In einem solchen Vordruck für den Widerspruch heißt es: „Möglicherweise erschließt es sich der Noweda nicht, dass auch ich als Inhaber:in einer öffentlichen Apotheke gleichermaßen mit den gestiegenen Energiekosten und den enorm angestiegenen Personalkosten belastet werde. Ich kann diese Kostensteigerungen nicht einfach ‚plump‘ an unser Patienten weitergeben.“ Die unterzeichnende Apotheke behält sich nicht nur eine Beendigung der Geschäftsbeziehung zu Ende Mai vor, sondern auch die Einführung von einer Gebühr in Höhe von 17,50 Euro „pro Reklamation, die durch Ihr Unternehmen verursacht wurde“.

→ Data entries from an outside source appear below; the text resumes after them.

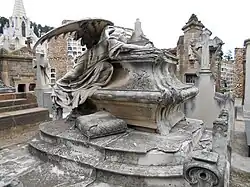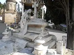 | Sepultura Fortuño Ferrús | Ubaldo Iranzo (a), Josep Campeny (e) | 1902 | Eclecticismo | Baltasar Fortuño Ferrús era un cirujano que emigró a Puerto Rico. Su sepultura presenta un sarcófago decorado con volutas de hojas de acanto, junto al que se encuentra un ángel de formas femeninas, que sostiene en una mano una hoja de palma, símbolo de inmortalidad, y en la otra hojas de adormidera, representando el sueño eterno.[18] | |
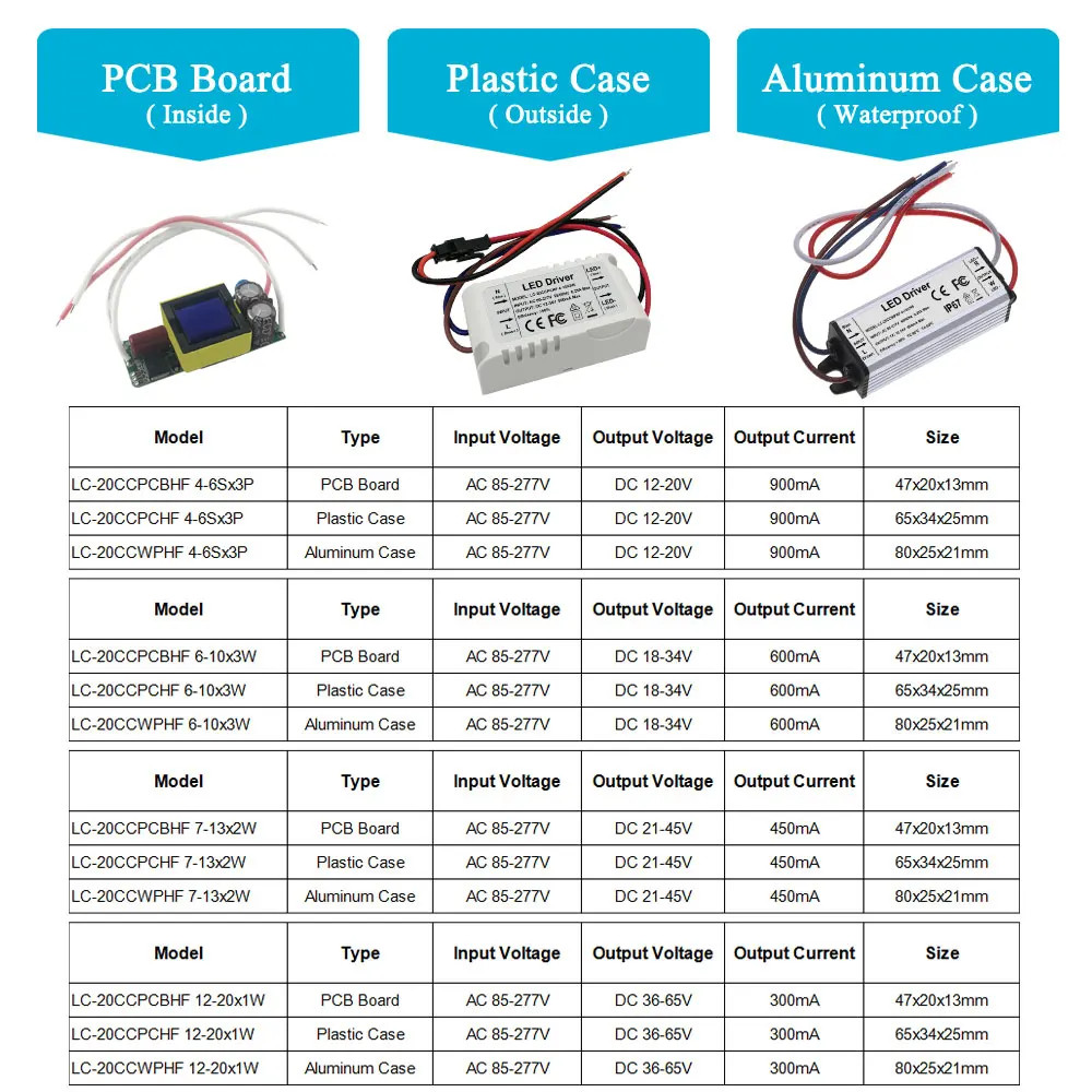 Блок питания 12 Вт 15 Вт 18 Вт 20 Вт 24 Вт, светодиодный драйвер 12-20 в 900 мА 18-34 в 600 мА 36-65 в 300 мА 12 15 18 20 Вт, трансформаторы для освещения
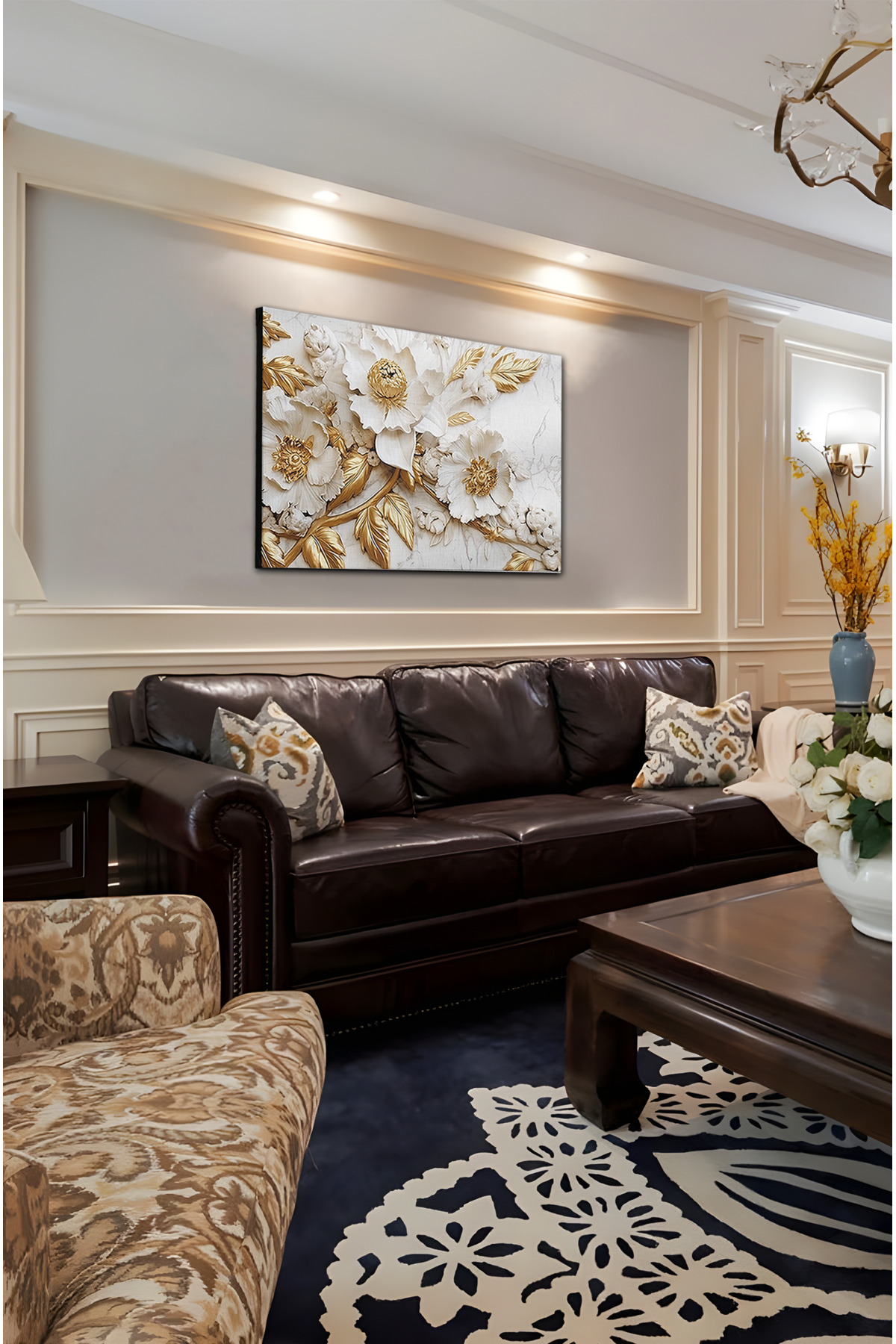 Notpa Altın Çiçek Desenli 3D Görünümlü Kanvas Tablo

All das gehört zum normalen Spiel: Die Großhändler kündigen sehr massive Kürzungen an, die Apotheken und ihre Dienstleister drohen mit einem Anbieterwechsel und dann beginnen die Verhandlungen. Ein gewisser Spielraum scheint auch diesmal wieder eingepreist sein, aber auf Kürzungen müssen sich viel Apotheken wohl einstellen.
Die Apothekenleiter:innen seien sehr frustriert, berichtet ein Steuerberater. Denn die zusätzlichen Einnahmen in der Pandemie haben andere Löcher gestopft und zudem viel Kraft gekostet. Auch das Timing der Großhändler wirkt unglücklich: Die Inhaber:innen, dass die Großhändler im vergangenen Jahr mit der Impfstofflogistik gutes Geld verdient haben. Zum anderen denkt der Gesetzgeber gerade laut über ein erstes Spargesetz nach, von dem auch die Apotheken betroffen sein könnten. Vier- bis fünfstellige Verluste im Einkauf sind dann besonders schmerzhaft und schmälern den Wert der Apotheke.
Weil die Branche erneut in zeitlich engem Abstand sowie mit vergleichbaren Maßnahmen und Begründungen agiert, wollen einige Berater gemeinsam das Bundeskartellamt einschalten. Allerdings konnte die Wettbewerbsaufsicht in der jüngeren Vergangenheit im Marktgeschehen keine illegalen Absprachen nachweisen. Das ist ironischerweise genauso wie bei den Preisen an der Tankstelle.